■ TASK BRIEF ■
Up to and including the line with "1000円OFFクーポン ショートブーツ レディース", return every line from the start of the entries below exactly.

<<<<

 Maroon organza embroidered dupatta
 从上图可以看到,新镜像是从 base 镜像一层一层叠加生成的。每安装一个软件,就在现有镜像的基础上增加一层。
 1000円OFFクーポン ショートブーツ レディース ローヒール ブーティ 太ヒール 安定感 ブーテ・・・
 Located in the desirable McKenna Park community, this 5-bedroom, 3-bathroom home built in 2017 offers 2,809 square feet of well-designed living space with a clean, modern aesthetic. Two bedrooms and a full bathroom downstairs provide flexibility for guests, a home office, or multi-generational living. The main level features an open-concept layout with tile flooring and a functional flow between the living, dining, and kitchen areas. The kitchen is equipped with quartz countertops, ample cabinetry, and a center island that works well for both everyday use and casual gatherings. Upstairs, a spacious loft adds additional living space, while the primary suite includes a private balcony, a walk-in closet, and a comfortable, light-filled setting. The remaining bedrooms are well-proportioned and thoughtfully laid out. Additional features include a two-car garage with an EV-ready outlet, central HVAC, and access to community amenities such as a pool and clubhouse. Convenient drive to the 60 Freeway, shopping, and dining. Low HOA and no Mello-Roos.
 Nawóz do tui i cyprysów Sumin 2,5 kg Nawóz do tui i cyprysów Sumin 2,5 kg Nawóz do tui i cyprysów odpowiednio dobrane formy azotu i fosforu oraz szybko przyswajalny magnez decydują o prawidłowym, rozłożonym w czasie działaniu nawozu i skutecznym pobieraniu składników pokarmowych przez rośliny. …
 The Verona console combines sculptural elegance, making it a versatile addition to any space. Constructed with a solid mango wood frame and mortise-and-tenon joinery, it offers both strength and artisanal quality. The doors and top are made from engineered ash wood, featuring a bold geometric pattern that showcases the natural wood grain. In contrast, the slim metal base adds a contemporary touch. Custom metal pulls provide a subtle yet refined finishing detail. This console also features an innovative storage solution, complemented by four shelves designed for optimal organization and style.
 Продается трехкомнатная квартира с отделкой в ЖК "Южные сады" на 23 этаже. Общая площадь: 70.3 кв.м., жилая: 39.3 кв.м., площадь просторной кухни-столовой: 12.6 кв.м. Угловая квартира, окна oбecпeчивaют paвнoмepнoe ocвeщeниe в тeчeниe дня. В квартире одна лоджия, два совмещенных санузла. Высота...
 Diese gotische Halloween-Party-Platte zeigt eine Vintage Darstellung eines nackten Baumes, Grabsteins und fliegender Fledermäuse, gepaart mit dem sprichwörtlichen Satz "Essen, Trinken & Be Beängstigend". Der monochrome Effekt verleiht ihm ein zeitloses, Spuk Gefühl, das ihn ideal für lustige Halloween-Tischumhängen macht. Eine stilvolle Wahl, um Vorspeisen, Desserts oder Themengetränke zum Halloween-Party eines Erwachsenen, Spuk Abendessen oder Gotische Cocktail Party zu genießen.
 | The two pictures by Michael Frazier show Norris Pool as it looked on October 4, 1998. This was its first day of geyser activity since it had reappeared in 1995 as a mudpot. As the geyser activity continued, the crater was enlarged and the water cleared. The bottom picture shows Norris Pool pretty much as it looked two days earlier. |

>>>>

■ RESPONSE BOX ■
 Maroon organza embroidered dupatta
 从上图可以看到,新镜像是从 base 镜像一层一层叠加生成的。每安装一个软件,就在现有镜像的基础上增加一层。
 1000円OFFクーポン ショートブーツ レディース ローヒール ブーティ 太ヒール 安定感 ブーテ・・・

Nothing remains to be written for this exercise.